Dr. David Caldwell (Department of Poultry Science, Texas A&M University, College Station, Texas) is also involved integrally involved in this project and contributes through the conducting of experiments in his facilities that we do not have the capability to conduct at Virginia Tech.  Dr. Caldwell has finished one M.S. student on a portion of this project and currently has 2 other M.S. students involved in our studies.  I have received 3 invitations to international meetings (Mexico) as a result of these projects and a project is being planned with Dr. Guillermo Tellez at the Universidad Nacional Autonoma de Mexico.  I have submitted a grant in collaboration with Dr. Joseph Dunn (President and Director of Research, Snyder Seed Corp., Buffalo, NY.) and Dr. Dick Austic (Cornell University, Department of Animal Science) for the nutritional and dietary additive investigations of immune response modulation and disease resistance.  This collaboration has just recently been initiated and we plan on submitting two additional grant proposals in the next month.  I am also working with Dr.
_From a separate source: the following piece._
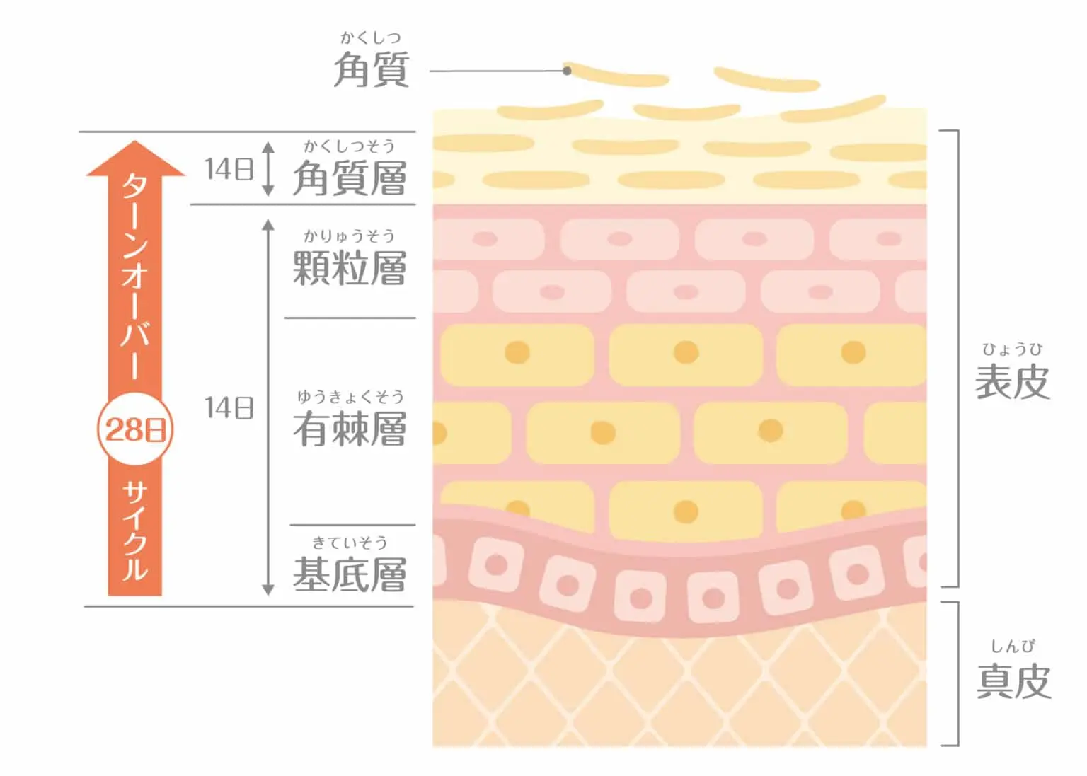 このターンオーバーの周期は部位により異なりますが、およそ28日程度と考えられています。皮膚の厚さや血行などが関係しており、顔はほかの部位より早く、一般的に理想は28日。基底層から顆粒層までが14日、角質細胞となって剥がれ落ちるまで14日が目安となっています。ほかの部位、例えばカカトなどは遅く、顔の肌の約2~3倍かかるとも言われています。
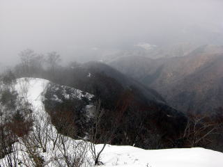 | D登った尾根がきれいに見える。林道はどこまで伸びるやら。 | E稜線から尾根を下る登山者。春の霞がかかっている。 |

Paul Siegel in the department to investigate the genetic aspect of the immune response to these pathogens by using his genetic lines of birds.

Future Plans:

  My major focus of research will continue to be on finding new ways to improve or augment disease resistance and immunity in poultry.  The projects currently underway, which I have described above, have just been planned and initiated in the last 2 years, so there is a vast amount of research that waits to be performed.  I will have a M.S. student beginning in the fall (2000) and at least one undergraduate with a research project that will each undertake a portion of these studies for their research.  I plan to continue conducting research that can improve bird health and productivity for commercial producers while at the same time answer basic questions concerning the immunity of the bird.